Let's recap where we arrived to:

  • A reentrant Sc<T> type that is able to dynamically know whether or not it contains a valid reference without containing lifetime, with 0 allocation.
  • We do this by "relocating" our lifetime to a different struct that doesn't contain the reference, but contains a reference to our Sc<T>. This struct is responsible for telling the Sc when its reference is not valid anymore. This has significant consequences:
    • The Sc::set() method must accept Sc by immutable reference, otherwise we won't be able to call Sc::get() while the inner reference is alive.

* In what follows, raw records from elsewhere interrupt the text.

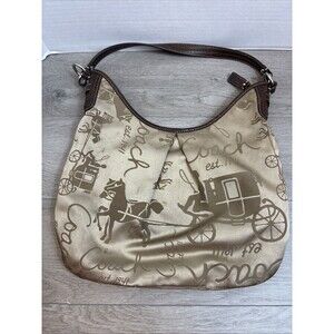 COACH HORSE AND CARRIAGE SATIN PURSE BAG TAN WITH DARKER TAN CARRIAGE
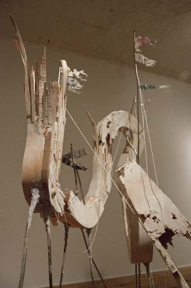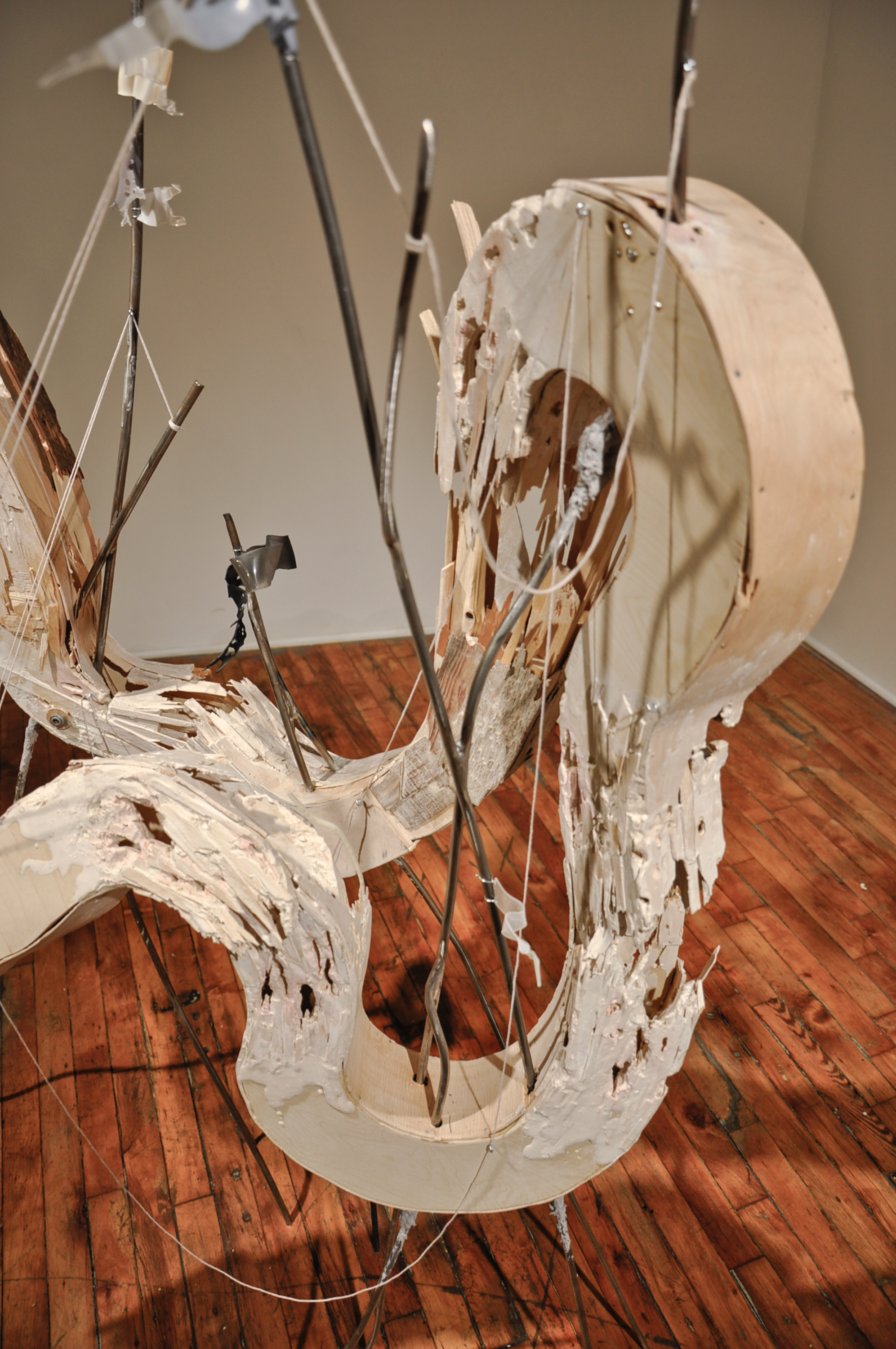 steel, wood, aqua resin, spray painted acrylic, strings, celluclay
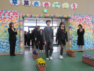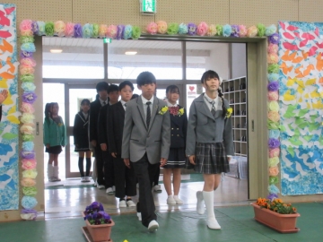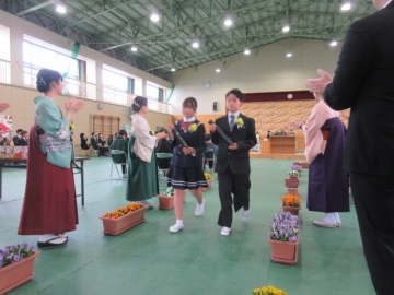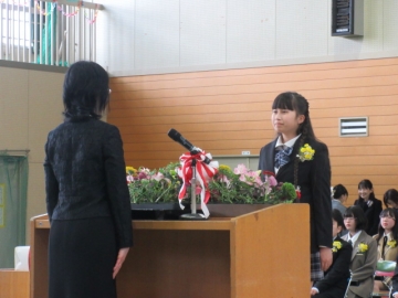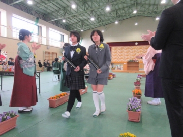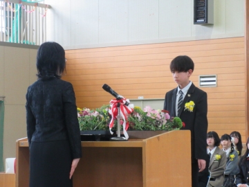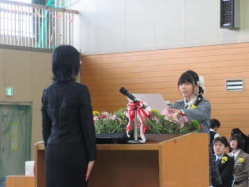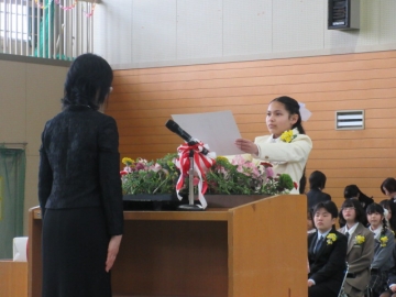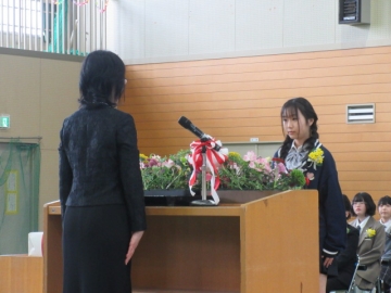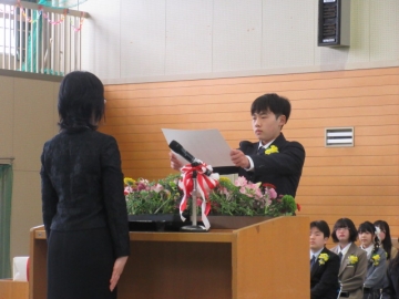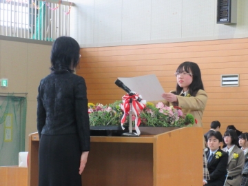 6年生の学級委員が代表して任命状を受け取ります。

    • The Sc instance won't be movable as soon as there is an active Dropper instance tied to it. This is because moving the Sc instance would result in the Dropper having a dangling reference to its Sc instance (with disastrous consequences)
    • Perhaps more annoyingly, the current API is not safe with regards to the leakpocalypse. A call to mem::forget with an instance of Dropper would condemn the corresponding Sc to maybe outlive its referee. I believe this problem is inherent to dynamically erased lifetimes, but I'd love to be proven wrong!